The term, clerical fascist, is a literal translation of an Italian term, clerico fascisti, coined to refer to those Catholic clergy who believed they could successfully fuse their Catholic conservatism with Mussolini's fascist rule in 1922
It is significant that both Mussolini and then Hitler, once in power, made their peace with the Church, while the clergy, like so many others socially, politically and economically enfranchised in those societies, thought they could influence and direct the fascists and nazis for their own ends. And the Church in Rome further sullied itself by thinking of an abomination like the Croatian Ustasha state as a positive force against the atheist Bolsheviks.
I'm willing to concede that today's Islamic fundamentalism has some of its roots in the Muslim Brotherhood of the 1930s, which supported the Axis, and that there are parallels worth pointing out.

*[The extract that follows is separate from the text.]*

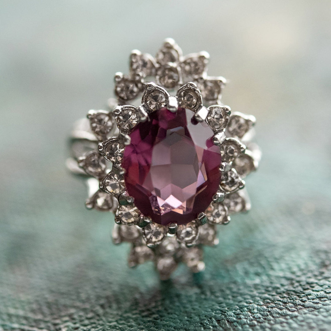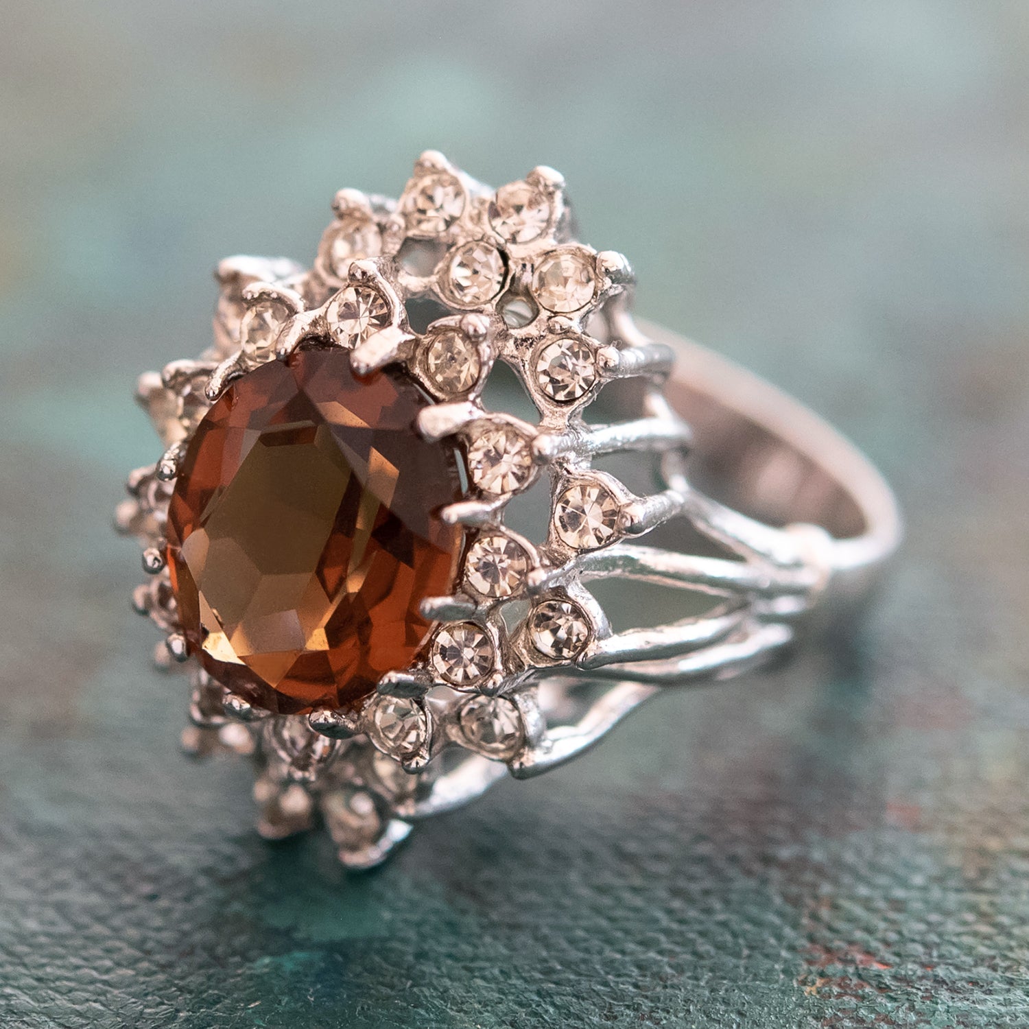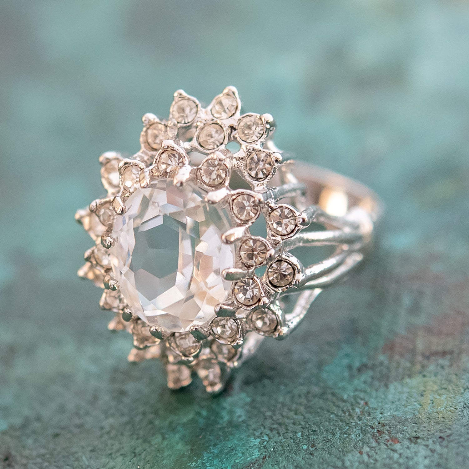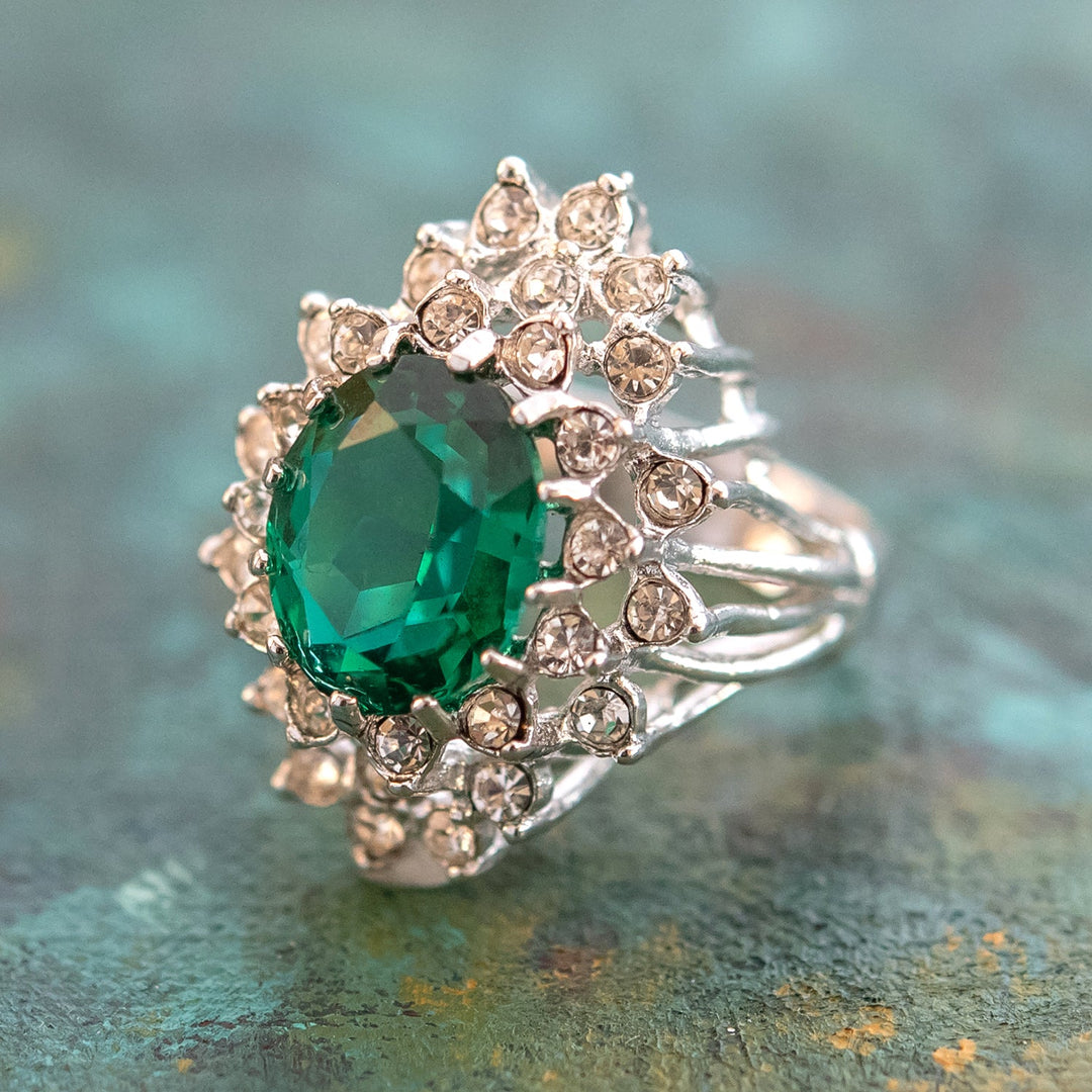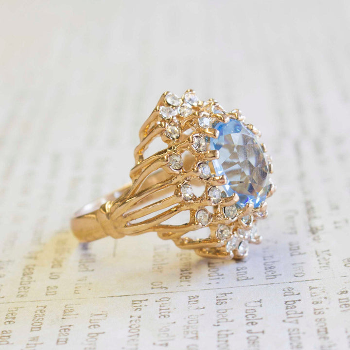 Vintage Women's Austrian Crystal Cocktail Ring 18k Gold Electroplated Birthstone Ring for Women by PVD Vintage Jewelry

However, I think the term 'clerical fascist' is a needlessly orientalizing one that obscures far more than it enlightens in this discussion.
Moreover, my understanding of the Taliban, despite the media and now US government distortions, does not lead me to conclude that they are uniquely awful as far as fundamentalist Islamic movements go--especially ones in countries with civil wars. Nor were they the first to impose Islamic law on Afghanistan.

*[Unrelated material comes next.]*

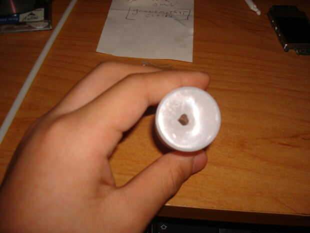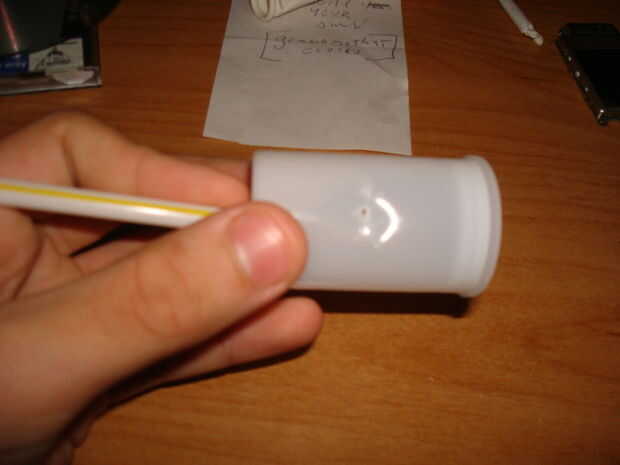 Primero tienes que perforar agujeros en la parte inferior de la lata de película y al lado ve fotos 1 y 2 (la parte inferior es el lado que no se desprenden también Asegúrese de que la paja se adapta perfectamente en el agujero inferior)
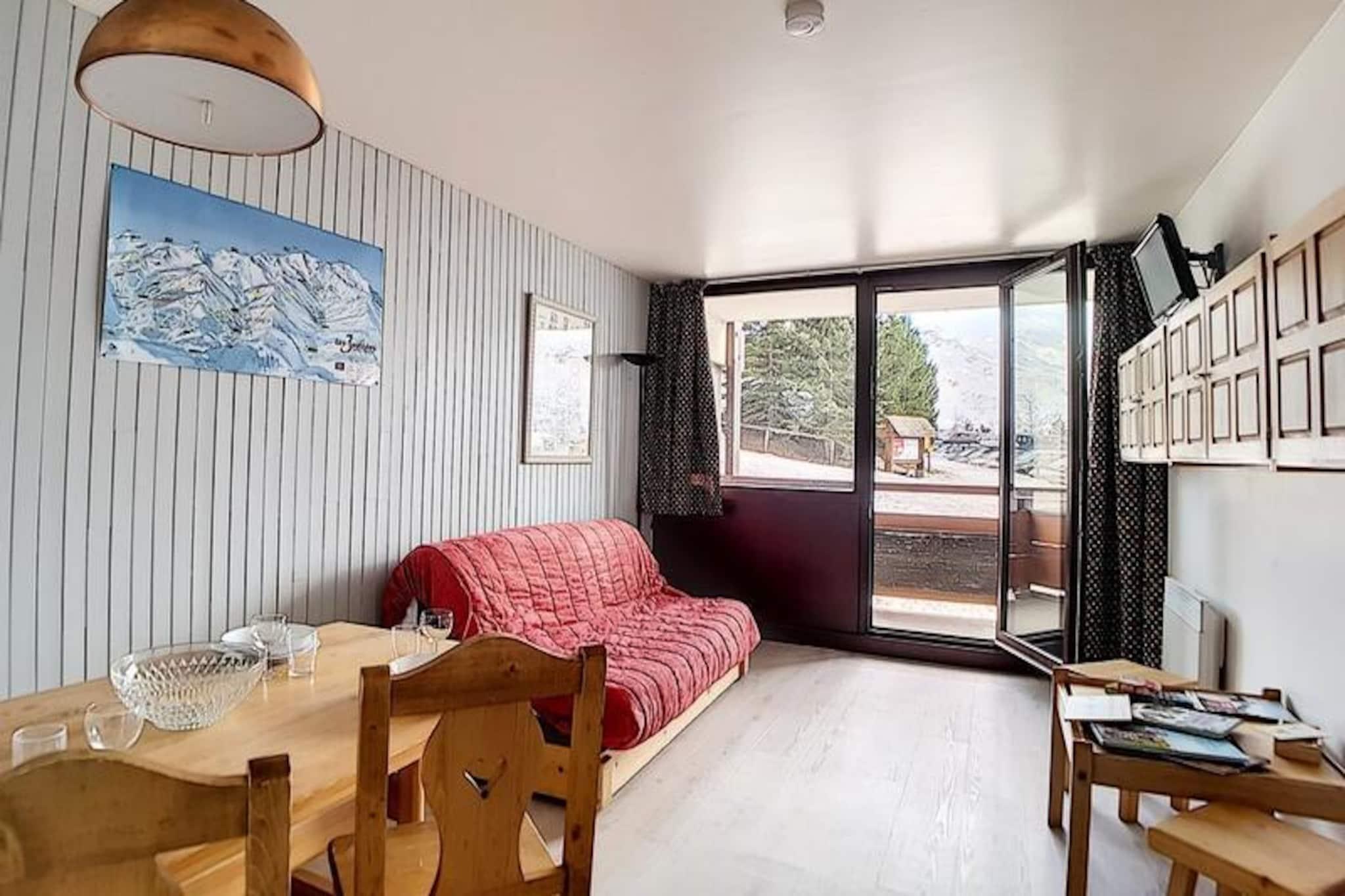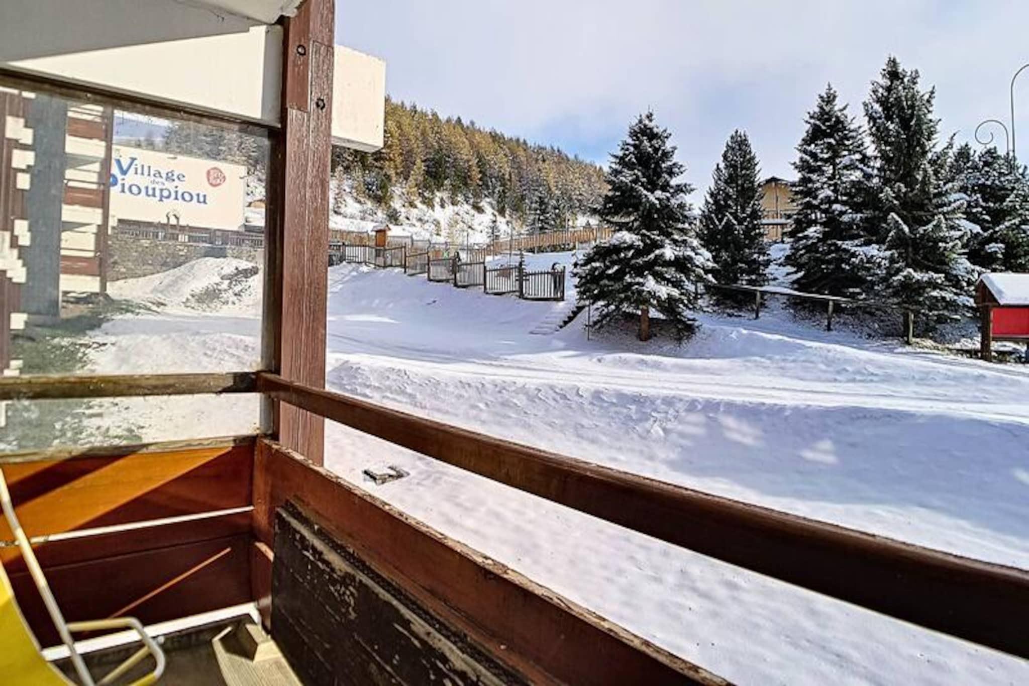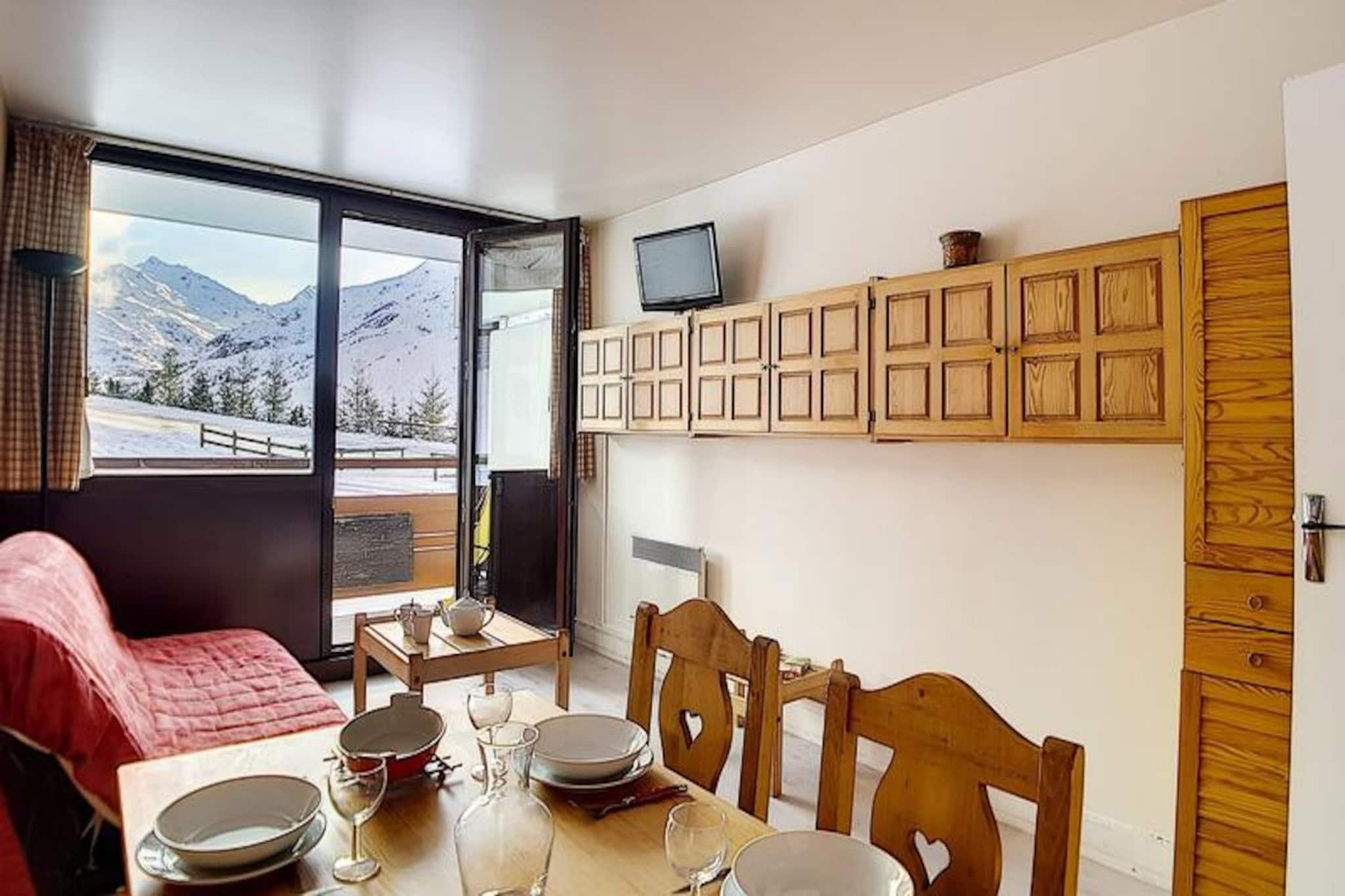 I hjertet af den charmerende Alpages-bygning tilbyder denne hyggelige lejlighed et dejligt alpint tilflugtssted for familier og små grupper, der søger et roligt, men bekvemt ophold i de franske alper. Kun få skridt fra den travle La Croisette-indkøbsarkade er boligen perfekt placeret til at give nem adgang til lokale faciliteter, samtidig med at den bevarer en fredelig atmosfære. Den sydvendte balkon inviterer dig til at nyde solskinnet og den fredfyldte udsigt over de omkringliggende tinder, hvilket skaber en perfekt baggrund for din bjergferie. \n\nIndvendigt er lejligheden omhyggeligt designet til at rumme op til fem gæster fordelt på to værelser. Stuen har en komfortabel dobbeltsovesofa og et tv, hvilket sikrer et afslappende sted at slappe af efter en dag med eventyr. Soveværelset har en enkeltseng og to enkeltkøjesenge, hvilket gør det ideelt for familier med børn. Køkkenet er fuldt udstyret med moderne apparater, herunder køleskab, miniovn, mikrobølgeovn, opvaskemaskine og kaffemaskine, så du kan tilberede solide måltider til dine alpine udforskninger. Badeværelset har et beroligende badekar, og det separate toilet gør dit ophold mere bekvemt. \n\nBeliggende kun 100 meter fra pisterne er beliggenheden en drøm for skientusiaster, med skibokse i kælderen for ekstra bekvemmelighed. Familier vil sætte pris på den nærliggende dagpleje og snehave, perfekt til at underholde de små. Busstoppestedet ligger kun 50 meter væk, hvilket giver nem adgang til busstationen og de omkringliggende attraktioner. Uanset om du er her for at stå på ski, vandre eller bare slappe af, placerer denne lejlighed dig i hjertet af det hele. \n\nMed sin varme atmosfære, praktiske faciliteter og uovertrufne beliggenhed lover denne bolig en uforglemmelig alpin flugt i alle årstider. Lad magien i de franske alper fange dig, mens du skaber dyrebare minder i dette indbydende hjem væk fra hjemmet.

No, that does not make me a supporter of or apologist for either the Kandahar Taliban under the Mullah Omar or OBL and al Qaeda, which was and still is a terror network, not a church.
However, I can not say anything supportive of the US's war on Afghanistan for all the reasons that at least a handful have given on this list. The US's already limited democracy decays during war; the defense sector gets even more money to waste; and thousands upon thousands of Pilger's 'unpeople' will die unnecessarily.
One somewhat unrelated footnote concerns the surprise some people have expressed about the sudden collapse of the Taliban and the defection of so many of their leaders. The very means of achieving this is how the Taliban themselves came to power so suddenly, too. Leaders and groups were paid to go to the other side. Money appeals to many far more than anti-western, religious or nationalist fervour. Selling ones' loyalty seems to be a major way of surviving there.